- Task prompt -
In the entries below, find the line with "Флаг Саратовской области" and the line with "但馬牛ステーキセット(要予約)". Repeat exactly everything between them, those two lines included, but not the pictures.
Task data Block Start
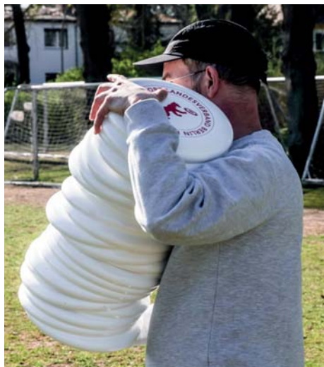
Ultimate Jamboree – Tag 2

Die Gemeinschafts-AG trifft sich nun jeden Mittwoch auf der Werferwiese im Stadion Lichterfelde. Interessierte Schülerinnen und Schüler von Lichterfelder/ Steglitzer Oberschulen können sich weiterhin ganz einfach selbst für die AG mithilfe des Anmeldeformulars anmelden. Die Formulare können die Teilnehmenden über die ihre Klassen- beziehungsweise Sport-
Task data Block End
Task data Block Start
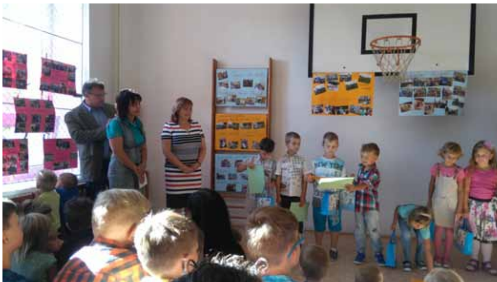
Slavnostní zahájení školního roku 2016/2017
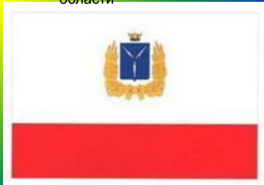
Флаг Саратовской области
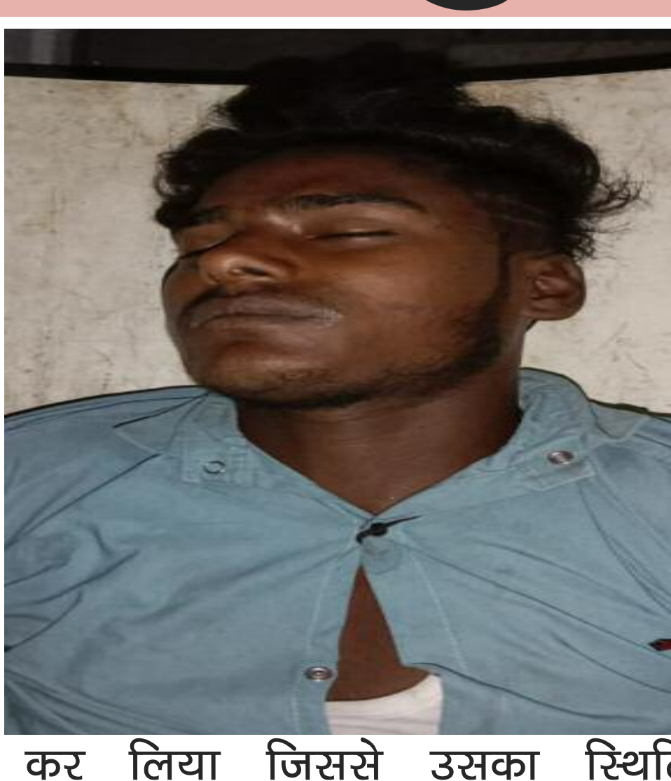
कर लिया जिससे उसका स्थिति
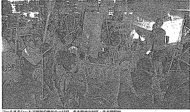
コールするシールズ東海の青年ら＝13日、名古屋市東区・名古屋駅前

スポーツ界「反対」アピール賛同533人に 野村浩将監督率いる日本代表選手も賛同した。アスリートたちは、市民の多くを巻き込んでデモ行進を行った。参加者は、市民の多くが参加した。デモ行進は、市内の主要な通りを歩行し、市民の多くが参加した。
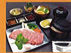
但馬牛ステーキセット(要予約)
Task data Block End
Task data Block Start
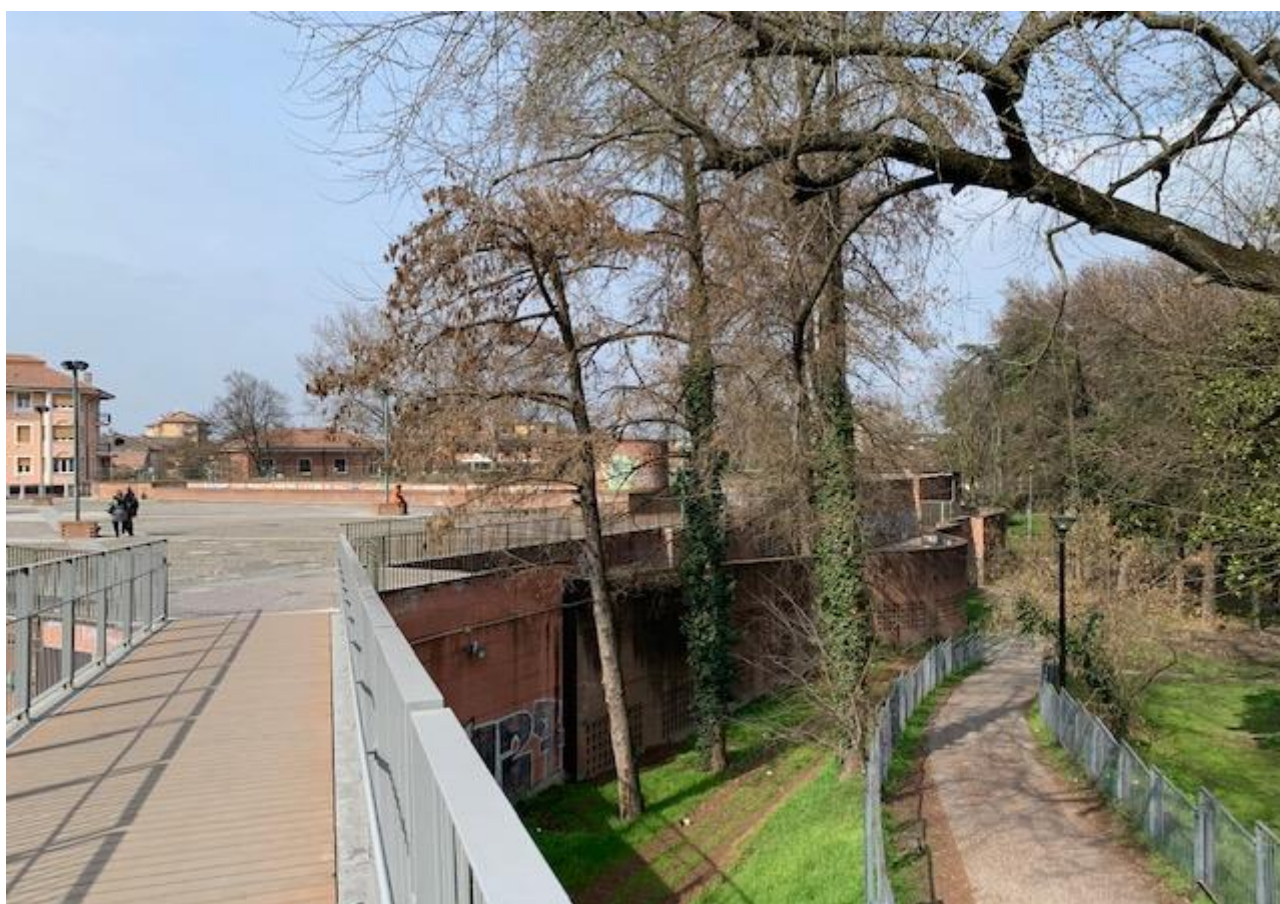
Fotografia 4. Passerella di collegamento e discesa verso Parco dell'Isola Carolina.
Task data Block End
- Solution to the problem -
Флаг Саратовской области
कर लिया जिससे उसका स्थिति
コールするシールズ東海の青年ら＝13日、名古屋市東区・名古屋駅前

スポーツ界「反対」アピール賛同533人に 野村浩将監督率いる日本代表選手も賛同した。アスリートたちは、市民の多くを巻き込んでデモ行進を行った。参加者は、市民の多くが参加した。デモ行進は、市内の主要な通りを歩行し、市民の多くが参加した。
但馬牛ステーキセット(要予約)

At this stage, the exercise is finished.